Greg Hunter

Late to the Rack: Funny Misshapen Body

In Comics on September 12, 2009 at 1:33 AM


For the past decade, Jeffrey Brown has been producing funny, often poignant memoirs in comics form.  (He has also stepped into more absurd territory with books like Bighead and Incredible Change Bots, but that’s another post.)  I started reading Brown’s comics around the time I started looking at alternative comics generally, but I hadn’t checked out his latest release Funny Misshapen Body (out back in April) till now. Two of his earliest works, Clumsy and Unlikely, recalled failed relationships through out-of-order vignettes.  Later works followed suit, and also featured elliptical statements on topics like friendship and maturity.  Funny Misshapen Body traces Brown’s growth as an illustrator; it’s not necessarily his best work, but it is similarly goofy and honest, and a reminder of what comics are good for.

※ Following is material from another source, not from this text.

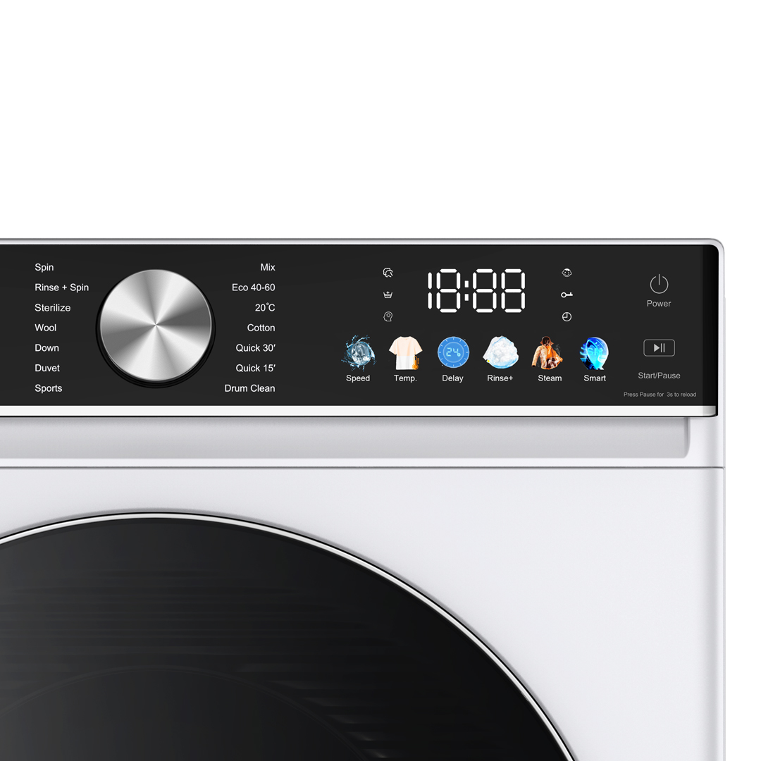 Estética blanca con puerta transparente, tambor de acero inoxidable. Sistema de control electrónico con Display LED con 14 programas de lavado y funciones para garantizar el mejor resultado y cuidado en tu colada.

Brown works in scratchy, simplistic line drawings, sometimes with limited attention to things like perspective and proportion. It’s a very deliberate brand of amatuerism—as a School of the Art Institute of Chicago alum, Brown’s not exactly an outsider talent—but it’s perfectly suited for the stories of disappointment, prolonged adolescence, and sexual awkwardness he tells—in each one, there’s a kind of gentle acceptance of past mistakes, and implicit hope that now he’s old enough to know better.

The graphic memoir can be (and often is) a venue for artistic navel-gazing, where artists dwell on the kind of minutiae that a decent editor would cut out of a prose autobiography.  But in the hands of a talented storyteller, comics is also the perfect medium for making daily mundanity meaningful, and showing how little things come to form a person’s life.  (Along with Brown’s work, Michel Rabagliati’s Paul books and Alison Bechdel’s Fun Home are good examples.) In FMB, Brown’s depictions of not approaching girls at parties, taking crates of beer bottles to the deposit station, and getting to know the names of the employees at his local coffee show, form more of a mosaic than a narrative proper. The book is linearly told, something it doesn’t have in common with several of Brown’s other works. Still, Brown takes full use of the freedom the medium gives him to hop from moment to moment in time, and gives readers the freedom to connect them. If life is what happens when you’re making other plans, then Jeffrey Brown has a talent for showing how it happens.